Toast Tommy and Jerry.
Orgeat is an almond flavoured syrup. Depending on where you live, you should be able to buy orgeat – Monin brand is decent and widely available – but it’s much tastier to make your own. There are many recipes online that involve using whole almonds and while I’m sure they are great they are also quite labour intensive. The method below is simple, tasty and pretty stable – if made correctly. The trick is to use almond milk instead of whole almonds but you need to be sure to use the best you can find; certainly unsweetened and preferably organic.

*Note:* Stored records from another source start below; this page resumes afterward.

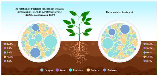 Finally, a study that aims to identify the modulation of the edaphic microbiome in the Yaqui Valley, Mexico, by the application of three bioinoculants based on bacterial consortium in crops, is being carried out. The composition of the bacterial inoculants was based on eight beneficial native strains, including B. cabrialesii subsp. cabrialesii TE3T and subsp. tritici TSO2T, B. paralicheniformis TRQ65, Bacillus sp. FSQ1 and TE5, B. subtilis TSO22, and Priestia megaterium TRQ8 and TSO9. Soil samples were collected from the rhizosphere of four commercial crops (jalapeno pepper, chickpea, corn, and summer corn) and two experimental crops of winter wheat and heat-stressed wheat (late planting), with and without the application of the bioinoculants, at different phenological stages. The soil samples were analyzed for identifying meta-taxonomic changes by sequencing the 16S rRNA genes for prokaryotes and ITS1 and ITS2 for eukaryotes using the Illumina Miseq platform. Results point to a marked modulation of fungal diversity in each of the studied crops and the phenological stage; otherwise, the bacterial diversity presents a homogeneous composition in all crops. Although robust statistical and ecological analyses are still underway, these results reinforce what has already been reported by other researchers and collaborators on the antifungal capacities of these bacterial strains (Figure 11) [40].
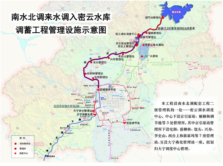 南水北调来水调入密云水库调蓄工程拟从团城湖调节池取水,通过京密引水渠反向输水,分别于屯佃闸、柳林倒虹吸、埝头倒虹吸、兴寿倒虹吸、史山节制闸和西台上跌水节制闸新建 6 级泵站提升输水至怀柔水库,再由怀柔水库进水闸旁新建的郭家坞泵站提升输水至北台上倒虹吸处,经新建雁栖泵站加压后,由新建的京密引水渠侧直径 2.6 米的 PCCP 输水管道输入白河电站下游调节池,再由新建溪翁庄泵站加压后将来水送入密云水库。工程线路总长 103 公里,总扬程 149.3 米。工程调水最大流量 20 立方米 / 秒,其中团城湖至怀柔水库段流量 20 立方米 / 秒,怀柔水库至密云水库段流量 10 立方米 / 秒。
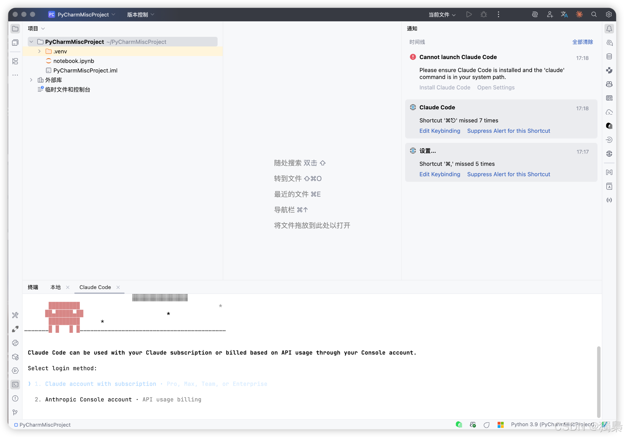 这是 JetBrains 无法启动 Claude Code 的最常见原因。
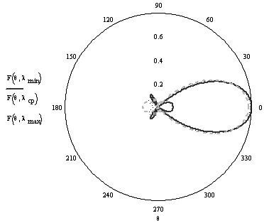 иметь диаграммы направленности для трех значений длин волн: lmin, lср, lмах:
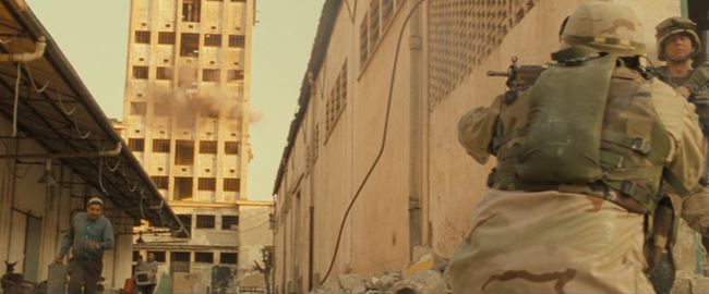 Dans le film d’action Green Zone (2010), Bagdad est pareillement tournée ailleurs, en l’occurrence dans différents lieux du Maroc4. Bien qu’elle ne soit pas aussi cohérente ou monolithique que les Bagdad vus dans d’autres films, la ville de Green Zone apparaît à travers des séquences éloquentes, toutes unifiées par un soleil doré et une poussière ocre : le terrain vague, rempli d’infrastructures délabrées; le désarroi d’une ville dense avec un enchevêtrement incompréhensible de circulation et de piétons frénétiques; et la jungle de béton criblée de balles, où de courageuses forces américaines combattent des « extrémistes » qui résistent inexplicablement à une invasion étrangère de leur territoire.
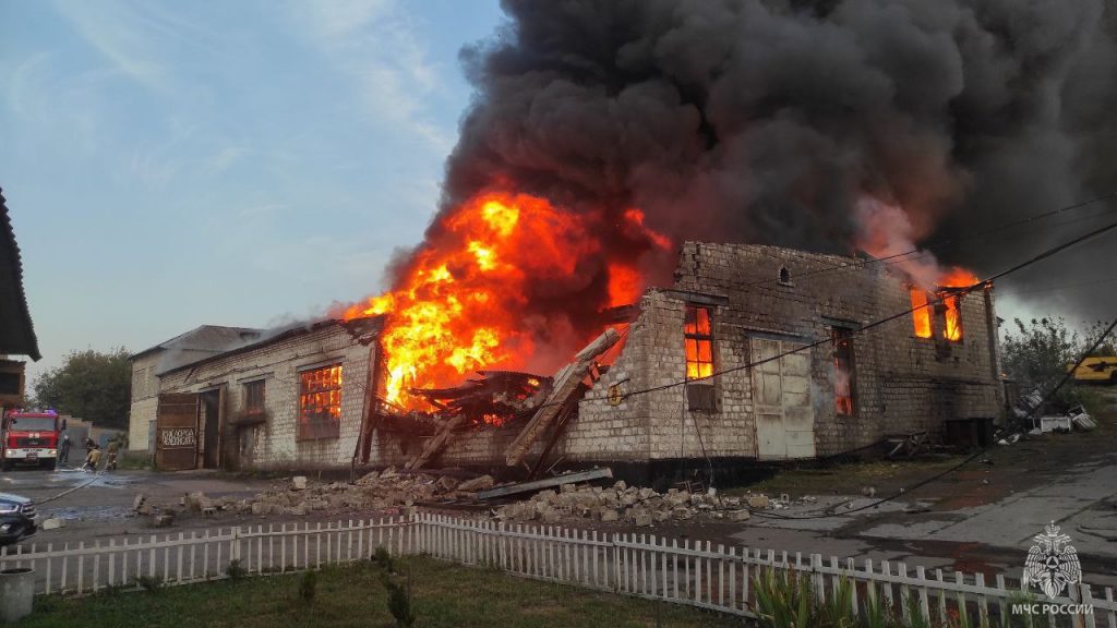 В результате пожара кровля склада полностью обрушилась, информация о пострадавших от сотрудников МЧС не поступала.
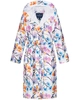 Wunderschöner  Damenbademantel mit Kapuze auf weicher, bunt bedruckter Morgenstern Skylight Ware. Die Qualität ist extraleicht, saugstark und schlingenfest. Der Mantel hat einen Bindegürtel und zwei Taschen.  Qualität:  45 % Viskose (Bambus), 35 % Polyester (Microfaser) und 20 % Baumwolle. Rückenlänge: 100 cm
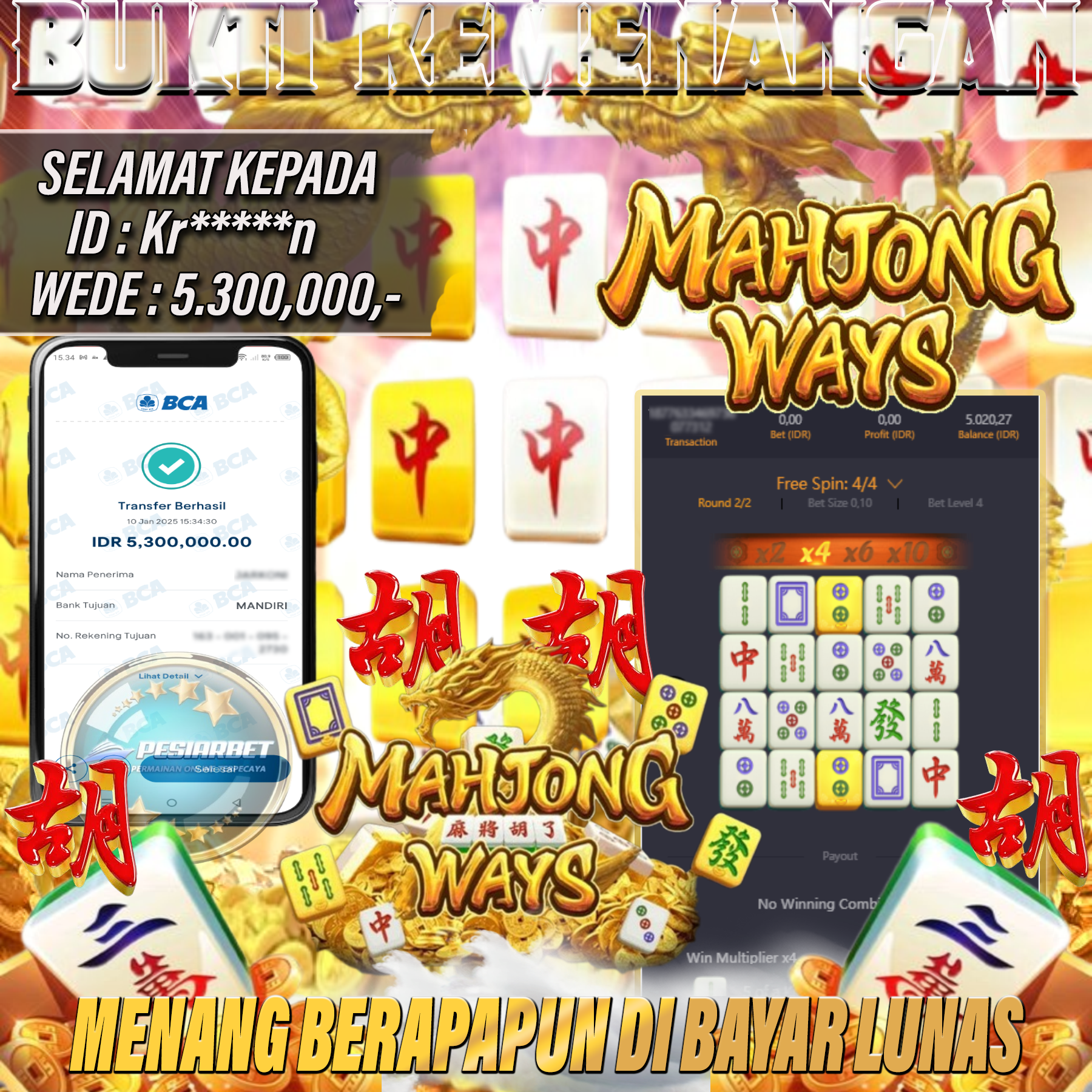 PESIARBET Bukti Kemenangan Slot MAHJONG WAYS
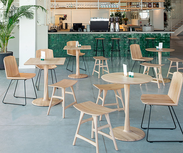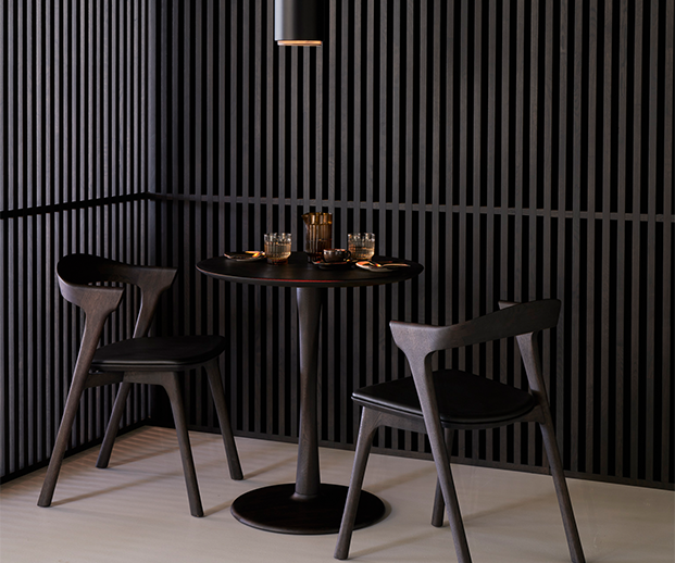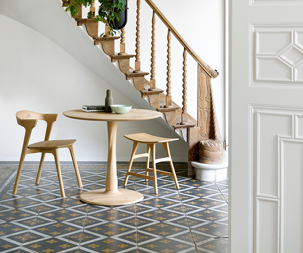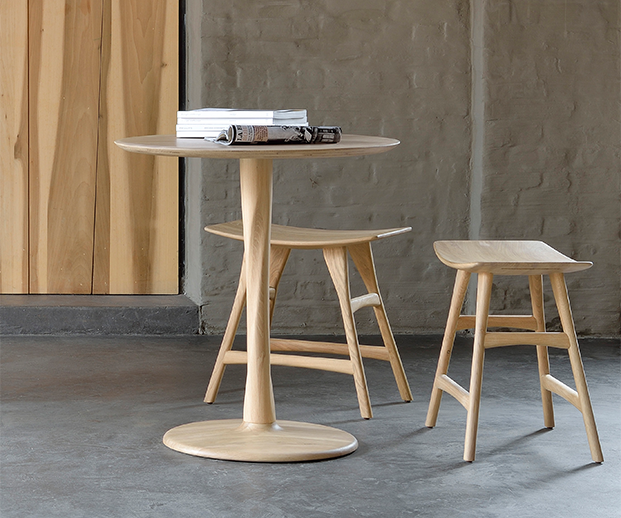 Leve e com nuances subtis, a mesa de jantar Torsion em carvalho maciço castanho incorpora técnicas avançadas de marcenaria para criar um tampo leve com uma base torneada de elegância escultural. (Marca Ethnicraft)
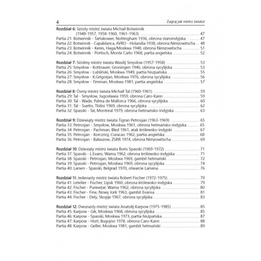 Niezwykle istotne jest zapoznanie się z dorobkiem twórczym mistrzów świata. Czego można się nauczyć od nich? Z całą pewnością bardzo wiele. Każdy z nich był bowiem najwybitniejszym graczem swoich czasów i na drodze do tytułu najsilniejszego zawodnika globu musiał pokonać elitę najlepszych z najlepszych oponentów w rozgrywkach eliminacyjnych i w końcu zwyciężyć w meczu finałowym! W tych trudnych i emocjonujących spotkaniach musiał wykorzystać wszystkie swoje umiejętności oraz wiedzę, aby rozłożyć na łopatki wielu znakomitych przeciwników!
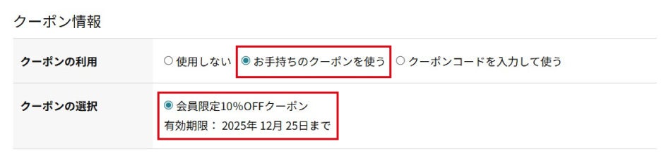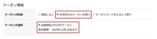 会員様はご注文の決済時に、クーポン情報欄で「お手持ちのクーポンを使う」にチェックを入れてください。「会員限定10%OFFクーポン」が表示されます。

If you still have a choice go for the one with the highest percentage of almonds in the ingredients list. The recipe is simple but don’t be tempted to skip the blending stage or your syrup will separate, which is annoying. That apart the orgeat seems to keep extremely well in the fridge.
300ml almond milk (see above).
400g fine white sugar.
Warm (not boil) together in a clean pan and stir until smooth.
0.5oz / 15ml almond extract.
0.5oz / 15ml orange flower/blossom water.
Allow to cool then blend at high speed for at least 30 seconds.
Store in sterilised bottle.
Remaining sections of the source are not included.